On September 2, 2025, the U.S. military struck a vessel sailing from Venezuela to the U.S. The military strike killed all 11 crew members, whom President Donald Trump called “terrorists” who he alleges were on a “drug-carrying boat.”

The Trump administration claims that the crew was identified as members of Tren de Aragua, a Venezuelan cartel group formed in 2009, and that their vessel was trafficking drugs into the U.S. However, on September 11, Venezuela’s interior minister Diosdado Cabello insisted that the men were not cartel members.

In a statement to state television, Cabello said, “We have done our investigations here in our country, and there are the families of the disappeared people who want their relatives, and when we asked in the towns, none were from Tren de Aragua, none were drug traffickers.”

The strike comes nearly a month after the president deployed U.S. Coast Guard and Navy ships to the Caribbean in August. Initially, the deployment was described as a “show of force.” Earlier in the year, Secretary of Defense Pete Hegseth directed the Pentagon to “seal our borders, repel forms of invasion including unlawful mass migration, narcotics trafficking, human smuggling and trafficking, and other criminal activities, and deport illegal aliens in coordination with the Department of Homeland Security.”

Former border czar Tom Homan defended the military strike, sparking debate over international law, proportionality of force, and the ethics of state violence. “These cartels have killed more Americans than every terrorist organization in the world combined,” Homan said to NewsNation.

In February, President Trump issued an executive order declaring cartels “terrorist organizations.” The order mentions Tren de Aragua’s “campaigns of violence and terror in the United States,” which “threaten the stability of the international order in the Western Hemisphere.”

It is not unprecedented for the U.S. to deploy military vessels in the Caribbean. In 1989, the U.S. deployed armed forces to Panama during Operation Just Cause.

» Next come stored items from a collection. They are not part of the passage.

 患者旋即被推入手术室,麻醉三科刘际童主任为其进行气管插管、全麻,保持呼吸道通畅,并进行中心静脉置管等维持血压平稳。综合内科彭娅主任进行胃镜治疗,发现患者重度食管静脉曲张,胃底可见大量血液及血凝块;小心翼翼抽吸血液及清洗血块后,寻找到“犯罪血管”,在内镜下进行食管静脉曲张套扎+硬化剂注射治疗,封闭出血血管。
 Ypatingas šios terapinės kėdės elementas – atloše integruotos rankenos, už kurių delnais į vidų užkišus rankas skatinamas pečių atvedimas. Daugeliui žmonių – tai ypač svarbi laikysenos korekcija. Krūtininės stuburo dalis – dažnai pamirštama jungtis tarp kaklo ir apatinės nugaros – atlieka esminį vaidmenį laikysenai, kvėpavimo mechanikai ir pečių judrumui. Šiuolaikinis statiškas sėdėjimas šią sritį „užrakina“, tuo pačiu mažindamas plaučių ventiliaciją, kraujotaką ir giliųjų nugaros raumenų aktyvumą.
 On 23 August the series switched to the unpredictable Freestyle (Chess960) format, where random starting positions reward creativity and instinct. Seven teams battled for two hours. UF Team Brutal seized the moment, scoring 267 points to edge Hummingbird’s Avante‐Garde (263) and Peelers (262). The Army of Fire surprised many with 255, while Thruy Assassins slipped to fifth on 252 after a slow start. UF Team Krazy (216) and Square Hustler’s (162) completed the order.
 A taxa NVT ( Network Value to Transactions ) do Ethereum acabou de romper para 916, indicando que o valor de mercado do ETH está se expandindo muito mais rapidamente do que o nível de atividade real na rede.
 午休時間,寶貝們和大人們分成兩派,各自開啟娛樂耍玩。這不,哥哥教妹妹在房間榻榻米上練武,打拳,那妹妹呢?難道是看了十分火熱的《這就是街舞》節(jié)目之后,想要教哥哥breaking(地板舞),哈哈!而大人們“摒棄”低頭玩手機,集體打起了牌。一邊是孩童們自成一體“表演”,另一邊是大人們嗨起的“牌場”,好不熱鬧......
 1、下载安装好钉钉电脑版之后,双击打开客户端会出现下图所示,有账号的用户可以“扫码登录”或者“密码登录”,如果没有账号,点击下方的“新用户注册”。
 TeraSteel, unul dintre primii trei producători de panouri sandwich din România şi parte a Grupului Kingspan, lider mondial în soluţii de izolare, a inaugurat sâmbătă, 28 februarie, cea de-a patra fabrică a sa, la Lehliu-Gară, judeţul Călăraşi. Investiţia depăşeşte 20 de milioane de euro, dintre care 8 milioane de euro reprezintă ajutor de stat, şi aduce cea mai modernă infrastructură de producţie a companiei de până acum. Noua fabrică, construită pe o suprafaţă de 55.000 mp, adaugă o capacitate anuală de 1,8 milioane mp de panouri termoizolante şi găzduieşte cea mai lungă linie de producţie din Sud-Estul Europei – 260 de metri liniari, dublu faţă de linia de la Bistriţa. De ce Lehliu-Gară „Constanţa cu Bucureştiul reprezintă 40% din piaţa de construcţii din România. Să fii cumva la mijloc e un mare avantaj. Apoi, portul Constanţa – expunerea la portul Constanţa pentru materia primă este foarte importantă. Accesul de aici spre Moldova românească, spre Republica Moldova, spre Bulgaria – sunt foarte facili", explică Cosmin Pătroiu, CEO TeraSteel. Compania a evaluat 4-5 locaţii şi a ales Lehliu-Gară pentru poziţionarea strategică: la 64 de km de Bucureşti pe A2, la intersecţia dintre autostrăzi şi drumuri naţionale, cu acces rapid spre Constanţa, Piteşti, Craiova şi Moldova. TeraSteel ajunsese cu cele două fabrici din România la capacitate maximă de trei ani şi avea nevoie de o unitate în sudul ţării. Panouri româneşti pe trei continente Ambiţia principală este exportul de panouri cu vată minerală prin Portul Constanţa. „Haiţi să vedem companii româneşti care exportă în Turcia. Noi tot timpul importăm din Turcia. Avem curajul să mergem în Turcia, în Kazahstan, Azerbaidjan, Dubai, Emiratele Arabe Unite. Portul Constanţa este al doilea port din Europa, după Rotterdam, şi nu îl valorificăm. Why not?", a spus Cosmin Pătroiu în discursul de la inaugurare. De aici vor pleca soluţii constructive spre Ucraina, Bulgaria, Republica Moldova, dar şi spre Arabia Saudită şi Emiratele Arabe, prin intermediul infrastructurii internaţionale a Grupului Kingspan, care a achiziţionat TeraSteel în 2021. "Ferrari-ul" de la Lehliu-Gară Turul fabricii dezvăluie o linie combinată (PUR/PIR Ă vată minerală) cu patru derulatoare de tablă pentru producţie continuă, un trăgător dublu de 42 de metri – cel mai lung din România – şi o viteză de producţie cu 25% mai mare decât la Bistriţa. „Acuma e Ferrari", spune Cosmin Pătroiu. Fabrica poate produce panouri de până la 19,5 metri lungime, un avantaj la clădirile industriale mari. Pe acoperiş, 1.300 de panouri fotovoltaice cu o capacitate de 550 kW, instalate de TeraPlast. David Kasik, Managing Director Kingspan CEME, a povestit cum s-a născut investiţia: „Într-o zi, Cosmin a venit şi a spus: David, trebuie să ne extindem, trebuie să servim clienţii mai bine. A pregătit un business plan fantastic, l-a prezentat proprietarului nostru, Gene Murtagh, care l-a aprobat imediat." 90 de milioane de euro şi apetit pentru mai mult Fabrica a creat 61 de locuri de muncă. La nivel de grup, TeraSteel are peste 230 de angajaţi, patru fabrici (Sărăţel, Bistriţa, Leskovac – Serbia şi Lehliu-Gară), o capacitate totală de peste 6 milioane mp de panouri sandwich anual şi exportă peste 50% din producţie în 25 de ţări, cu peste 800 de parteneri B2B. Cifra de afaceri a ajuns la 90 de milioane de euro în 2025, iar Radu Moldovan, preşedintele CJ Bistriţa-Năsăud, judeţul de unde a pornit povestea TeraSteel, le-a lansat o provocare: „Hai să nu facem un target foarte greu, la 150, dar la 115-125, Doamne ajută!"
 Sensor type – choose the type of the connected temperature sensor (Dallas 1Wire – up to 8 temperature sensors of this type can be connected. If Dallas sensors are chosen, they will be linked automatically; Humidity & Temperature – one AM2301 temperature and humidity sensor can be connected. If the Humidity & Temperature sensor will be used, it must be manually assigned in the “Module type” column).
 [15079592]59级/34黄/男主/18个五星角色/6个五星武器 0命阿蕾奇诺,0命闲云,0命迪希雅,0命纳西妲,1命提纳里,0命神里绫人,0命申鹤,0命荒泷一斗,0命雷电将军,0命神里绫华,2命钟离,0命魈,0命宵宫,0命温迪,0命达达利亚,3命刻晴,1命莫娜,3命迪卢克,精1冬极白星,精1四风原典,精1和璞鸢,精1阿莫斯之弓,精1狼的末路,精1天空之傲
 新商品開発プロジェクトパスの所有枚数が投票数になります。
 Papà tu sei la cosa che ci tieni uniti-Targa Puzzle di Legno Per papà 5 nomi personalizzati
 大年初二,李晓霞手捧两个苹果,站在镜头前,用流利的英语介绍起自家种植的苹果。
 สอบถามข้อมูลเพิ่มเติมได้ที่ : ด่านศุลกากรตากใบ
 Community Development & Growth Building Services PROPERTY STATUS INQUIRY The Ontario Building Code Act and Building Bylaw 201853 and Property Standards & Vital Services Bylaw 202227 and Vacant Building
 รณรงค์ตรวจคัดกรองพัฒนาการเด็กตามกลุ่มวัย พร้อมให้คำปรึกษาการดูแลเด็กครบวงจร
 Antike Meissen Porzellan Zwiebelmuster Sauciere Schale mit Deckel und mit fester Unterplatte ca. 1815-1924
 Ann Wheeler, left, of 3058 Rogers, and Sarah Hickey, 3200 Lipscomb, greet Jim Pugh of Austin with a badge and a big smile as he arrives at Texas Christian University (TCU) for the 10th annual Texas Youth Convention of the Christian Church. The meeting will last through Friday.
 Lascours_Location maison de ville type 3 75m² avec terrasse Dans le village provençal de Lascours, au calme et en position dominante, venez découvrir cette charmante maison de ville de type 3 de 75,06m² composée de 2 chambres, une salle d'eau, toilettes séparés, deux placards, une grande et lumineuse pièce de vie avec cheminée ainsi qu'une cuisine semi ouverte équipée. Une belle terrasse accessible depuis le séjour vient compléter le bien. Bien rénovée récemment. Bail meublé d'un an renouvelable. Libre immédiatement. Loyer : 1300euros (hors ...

Religious voices have weighed in on the conversation, both in favor and against the military strike. Orthodox Christian and libertarian Justin Amash wrote on X that “Congress has not authorized military hostilities against Venezuela. There’s no exception permitting unilateral action because it’s ‘drugs’ or ‘terrorism’ or a ‘designated organization.’ The ‘peace president’ strikes again.”


Amash argued that while military action might be necessary, it must be done constitutionally with the approval of Congress.

Numa Molina, a Venezuelan priest, addressed President Trump on X. “It’s not true that Venezuela is a drug-trafficking country. That’s completely false,” writes Molina, “There isn’t a single cocaine factory or laboratory in Venezuela. This is being told to you by a Venezuelan Jesuit priest who lives in the poor neighborhoods of this country.”

Other religious voices speak out in support of the operation, mostly coming from the Trump administration. “Those 11 drug traffickers are no longer with us, sending a very clear signal that this is an activity the United States is not going to tolerate in our hemisphere,” Secretary of Defense Pete Hegseth told Fox and Friends.

“The President of the United States is going to wage war on narcoterrorist organizations,” said Secretary of State Marco Rubio, who is a Catholic, “this one was operating in international waters, headed towards the United States to flood our country with poison. And under President Trump, those days are over.”

The Catholic Vice President of the United States, JD Vance, also chimed in on X. “Killing cartel members who poison our fellow citizens is the highest and best use of our military.”